When I eat this chocolate cake I can’t help but smile. There’s something exhilarating about taking a bite out of an insanely rich chocolate dessert.
My taste buds do a happy dance and all is right in the world.
…until the last slice of cake gets eaten.
At that point it’s time to whip up more chocolate treats such as:
- My double chocolate chip cookies. These cookies are OFF THE CHARTS! So flippin’ goooood. Or brownie cookies… yes, totally a thing!
- No Bake Oatmeal Peanut Butter Cookies because peanut butter + chocolate = ❤️
- or, hello, chocolate sheet cake!
If you’re one who makes birthday cakes from a boxed cake mix, it’s time to change things up. Try making your next chocolate cake from scratch!
Like this Funfetti Cake. Kids and even adults will go crazy for it!
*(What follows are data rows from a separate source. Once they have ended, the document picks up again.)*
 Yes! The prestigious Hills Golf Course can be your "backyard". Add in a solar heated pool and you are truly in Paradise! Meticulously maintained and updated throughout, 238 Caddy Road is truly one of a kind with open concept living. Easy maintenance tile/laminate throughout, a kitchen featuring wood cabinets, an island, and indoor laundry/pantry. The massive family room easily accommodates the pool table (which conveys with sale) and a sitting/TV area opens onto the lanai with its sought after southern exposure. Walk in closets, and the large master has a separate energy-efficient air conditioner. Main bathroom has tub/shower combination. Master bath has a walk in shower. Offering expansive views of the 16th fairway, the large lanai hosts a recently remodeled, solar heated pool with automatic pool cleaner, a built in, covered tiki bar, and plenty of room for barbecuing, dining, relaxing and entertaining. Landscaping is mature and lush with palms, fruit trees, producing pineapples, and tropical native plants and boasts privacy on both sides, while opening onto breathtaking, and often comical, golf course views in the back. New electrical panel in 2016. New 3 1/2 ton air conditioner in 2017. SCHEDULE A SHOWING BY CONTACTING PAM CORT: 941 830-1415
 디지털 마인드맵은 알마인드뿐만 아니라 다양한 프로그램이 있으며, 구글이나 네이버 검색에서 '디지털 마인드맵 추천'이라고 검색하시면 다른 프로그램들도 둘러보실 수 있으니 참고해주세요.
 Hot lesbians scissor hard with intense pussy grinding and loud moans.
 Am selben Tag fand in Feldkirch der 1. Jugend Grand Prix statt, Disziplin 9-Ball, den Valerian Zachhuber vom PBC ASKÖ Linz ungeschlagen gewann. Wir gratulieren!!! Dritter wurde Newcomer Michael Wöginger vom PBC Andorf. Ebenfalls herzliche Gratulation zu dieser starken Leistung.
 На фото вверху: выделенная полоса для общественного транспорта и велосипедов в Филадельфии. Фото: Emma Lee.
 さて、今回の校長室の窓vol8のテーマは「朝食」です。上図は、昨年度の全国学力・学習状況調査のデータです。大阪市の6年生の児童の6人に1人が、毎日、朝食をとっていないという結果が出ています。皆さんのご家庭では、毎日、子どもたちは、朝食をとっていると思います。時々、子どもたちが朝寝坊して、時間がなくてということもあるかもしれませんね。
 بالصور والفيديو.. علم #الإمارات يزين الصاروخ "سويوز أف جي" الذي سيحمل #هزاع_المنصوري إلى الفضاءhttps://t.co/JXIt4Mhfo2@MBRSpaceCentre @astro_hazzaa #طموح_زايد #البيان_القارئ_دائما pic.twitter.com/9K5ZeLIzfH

A few things we loved about this chocolate cake was the crumb texture and the frosting. Ohhhhh the frosting! ❤️
Thick, smooth, and rich!! I use a chocolate cream cheese frosting. You can’t taste the cream cheese (is that good or bad? IDK. I think it’s good because I don’t love an overpowering cream cheese frosting taste).
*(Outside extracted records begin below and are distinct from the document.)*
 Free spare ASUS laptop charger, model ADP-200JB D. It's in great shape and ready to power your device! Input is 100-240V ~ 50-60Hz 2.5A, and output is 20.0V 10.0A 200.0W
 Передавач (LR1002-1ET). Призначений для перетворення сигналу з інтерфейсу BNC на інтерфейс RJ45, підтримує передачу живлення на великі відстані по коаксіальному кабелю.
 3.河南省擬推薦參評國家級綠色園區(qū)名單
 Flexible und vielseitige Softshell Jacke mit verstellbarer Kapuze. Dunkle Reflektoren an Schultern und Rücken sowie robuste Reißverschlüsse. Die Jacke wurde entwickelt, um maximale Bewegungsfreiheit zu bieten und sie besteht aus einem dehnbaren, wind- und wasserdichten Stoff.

HOW TO MAKE CHOCOLATE CAKE
First, start by greasing and flouring 2 cake pans. I use 9 inch cake rounds.
In addition to greasing and flouring my cake pans, I add a few gentle spritzes of Bakers Joy. I love this stuff, I always use it when making bundt cakes.
To the bowl of a stand mixer add the dry ingredients. This includes:
- cocoa powder
- baking powder
- baking soda
Once the dry ingredients have been whisked together, it’s time to add the wet ingredients. This includes:
- Greek yogurt
- Vanilla extract
Beat the ingredients for 2 minutes.
Divide the cake batter amongst the 2 cake pans. Bake. Check the cake around the 24-25 minute mark. Every oven bakes differently.
To test a cakes doneness simply use a toothpick or cake tester. The toothpick should be inserted in the center of the cake and come out clean with no streaks of batter.
HOW TO MAKE CHOCOLATE FROSTING
When making frosting make sure you use room temperature butter and cream cheese. Room temperature ingredients bond together more readily because they are warmer which in turn creates a more seamless frosting.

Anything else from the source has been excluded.